Inhalt
Gegen seinen Willen wird Toni aus der Schweiz nach Italien ausgewiesen. Jahrelang lebt er bitterarm in den Po-Auen. Die Leidenschaft fürs Zeichnen gibt er aber nie auf. Die Geschichte von Antonio Ligabue, einem revolutionären Einzelgänger der modernen Kunst.
Kritik
„Jeder Mensch hat eine Gabe. Jedes Leben hat einen Sinn“ bekommt der berühmte, italienische Maler und Bildhauer Antonio Ligabue (Elio Germano, Suburra) bereits als Kind zugesagt. Diese Worte der Aufmunterung sind eine der wenigen Lichtblicke seiner düsteren Kindheit, in der er wegen seiner körperlichen und geistigen Benachteiligung zum Tretobjekt seines Umfelds wurde. Die Existenz von Giorgio Dirittis (Der Wind zieht seinen Weg) Biopic über Ligabue, Hidden Away, nimmt bereits vorweg, dass die wohlwollenden Worte, zumindest in diesem Fall, recht behalten sollten. Erst einmal entdeckt beginnt er Tiere- und Naturimpressionen von großer Schönheit zu malen und wird zur kulturellen Sensation. Auch das ist dem Publikum noch vor dem Vorspann wahrscheinlich bereits bekannt und Dirittis Film kann diesem eventuellen Vorwissen leider fast gar nichts hinzufügen, was nicht bereits Gegenstand zahlreicher anderer KünstlerInnen-Biographien war.

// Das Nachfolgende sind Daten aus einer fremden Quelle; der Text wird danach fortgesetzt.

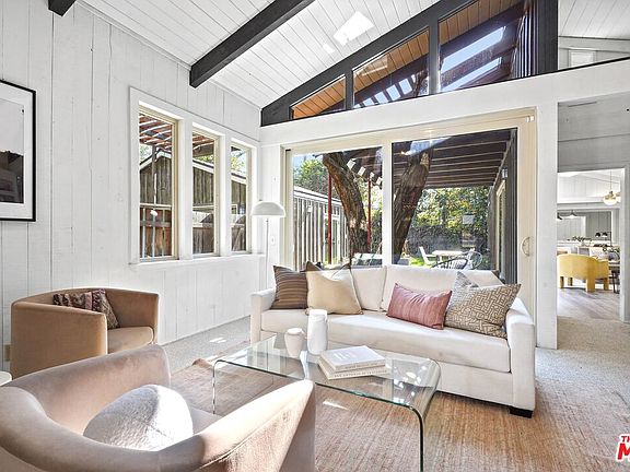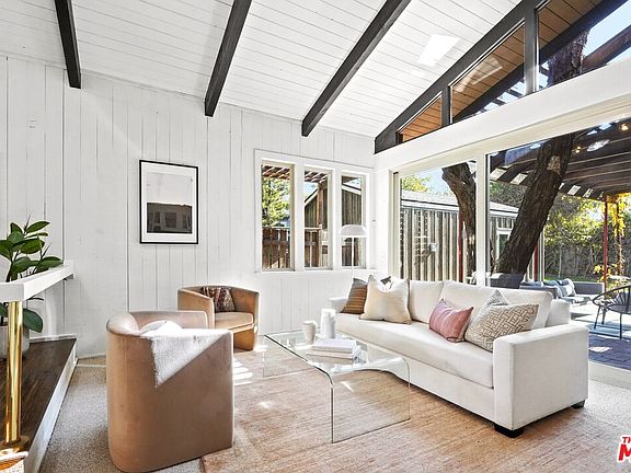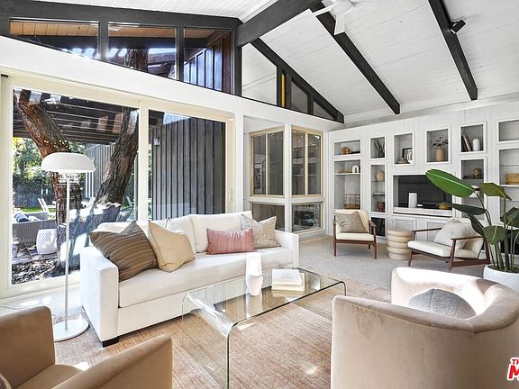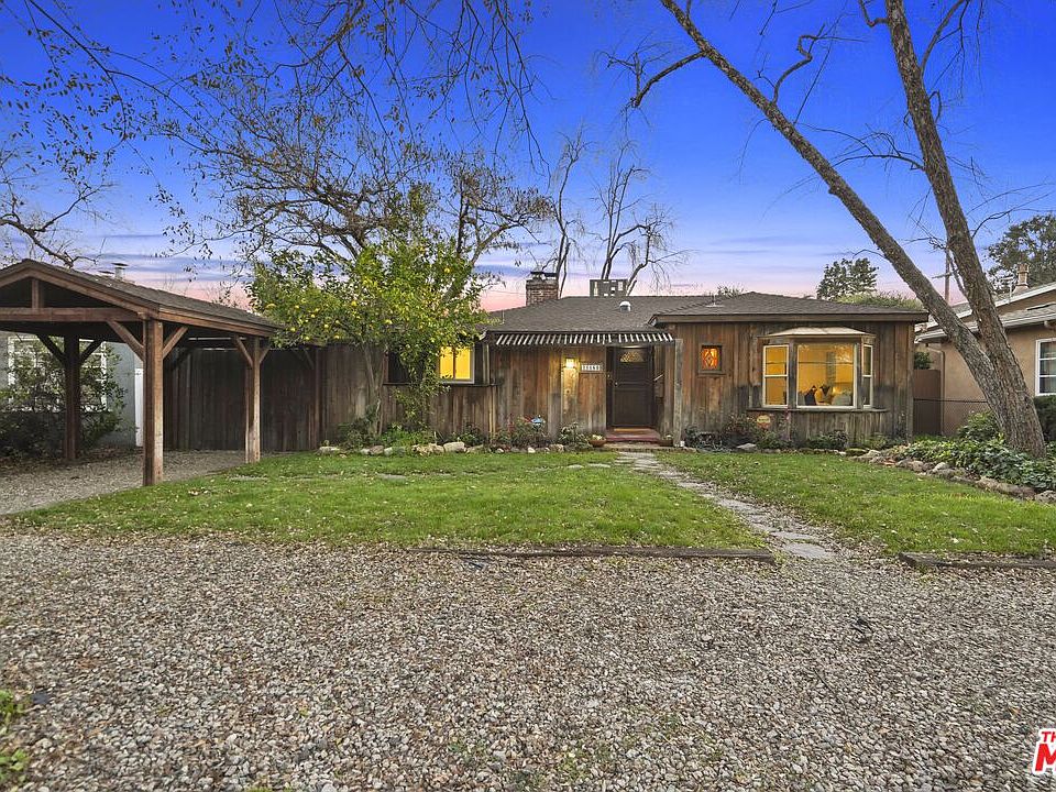 For those searching for that unique property with vision toward the life well-lived, a postmodern architectural awaits. Hip, relaxed, refined with a stylistic identity all its own crowning an expansive 8,100 square foot lot in the most sought after pocket in Valley Village. Alluding to the style and design of an Aspen mountain chalet, the property is the epitome of peaceful seclusion residing in divine harmony with its organic environment of towering trees and verdant greenery. Massive walls of glass beautifully bridge the aesthetic divide between structure and nature, bringing the outdoors in and suffusing the space in an abundance of natural light. Vaulted beamed ceilings soar above a floor plan that flows with ease designed for contemporary living and entertaining. The post and beam covered brick patio and expansive back lawn epitomize the Southern California lifestyle of endless al fresco leisure and outdoor entertaining. Highlights include freshly painted interiors, skylit kitchen with breakfast bar, a secret hidden bonus room, and a newly built 2-car detached garage with built-in storage and glass doors that easily doubles as a multi-use flex space. Three bedrooms including a primary suite with cozy fireplace round out the comfortable accommodations. Located in an idyllic, picturesque tree lined street just moments from the award winning Colfax Charter School District, beloved Valley Village Park, Disney, Warner Bros. CBS, NBC and Universal Studios and the famed NoHo Arts District. This is the place where you want to live. Welcome!

Dabei ist der Film inszenatorisch relativ ambitioniert. Malerische Bilder und schöne Eindrücke von Landschaften gehören für Filme über Kunst und KünstlerInnen ja inzwischen zum guten Ton, in Dirittis Film darf die Kamera sich auch manchmal auf Gänse und andere Tiere im Stil einer subjektiven Perspektive fokussieren. Das ist ein interessanter Einfall, da so zumindest versucht wird, ein Gefühl für Ligabues Blick auf die Welt zu vermitteln, wenn auch nur die Oberfläche des künstlerischen Prozesses angekratzt wird. Ansonsten spielt Hidden Away in der Einleitung sehr mit sich vermischenden Zeitebenen: Ligabues Erniedrigung durch die Hände der Anderen findet sich sowohl als Kind in der Schule, als auch als erwachsener Patient in der psychiatrischen Klinik. Ständig missversteht man ihn und der Film wird nicht müde sein Leiden zu betonen, in dem besten Wissen das wir, das Publikum, ihn verstehen. Dadurch wird die eigentlich komplexe Figur des gescholtenen Künstlers in eine Opfer Position gedrückt, um letztendlich Sympathien zu erzeugen, welche der Film nicht auf intelligentere Art zu ergattern vermag.
Bei all dem Fokus auf den schwierigen Lebensweg des Künstlers fällt nämlich der entscheidendste Aspekt seines Vermächtnisses unter den Tisch: Seine Kunst. Zwar versucht Hidden Away Ligabues Welt- und Kunstsicht durch bedeutungsschwangere, mit aufbrausender Musik unterlegten (unter anderem eine Motorradfahrt zu „Freude Schöner Götterfunke“), Montagen zu verdeutlichen, aber nie generiert sich etwas Handfestes daraus. Stattdessen fühlt sich der Film in seinem selbstgeschaffenen Anspruch kunstgewerblich und oberflächlich an. Die Szene, in der Ligabue im Angesicht des Ablehnens seiner Werke diese zornig zerstört ist nur eine von vielen Klischeeszenen des Biopic Genres, an welchen der Film sich genüsslich bedient. Da neben dem Schaffen auch der Charakter unbeleuchtet bleiben, wird Hidden Away immer mehr zur filmischen Blaupause, bei der man statt des Namens Liagbue auch wahllos einen anderen, beliebigen Namen hätte drüber dubben können. Einen Unterschied hätte wahrscheinlich niemand bemerkt.
Fazit
„Hidden Away“ sieht gut aus und dürfte Freunde von Wikipedia Artikeln und Schullehrer für den letzten Tag vor den Ferien zufrieden stellen, wer aber eine wirklich tiefgreifende Behandlung des schwierigen Lebens eines Künstlers erwartet, der bekommt lediglich hohles Kunstgewerbe und Plattitüden vorgesetzt. Ligabue wünscht man einen besseren Film.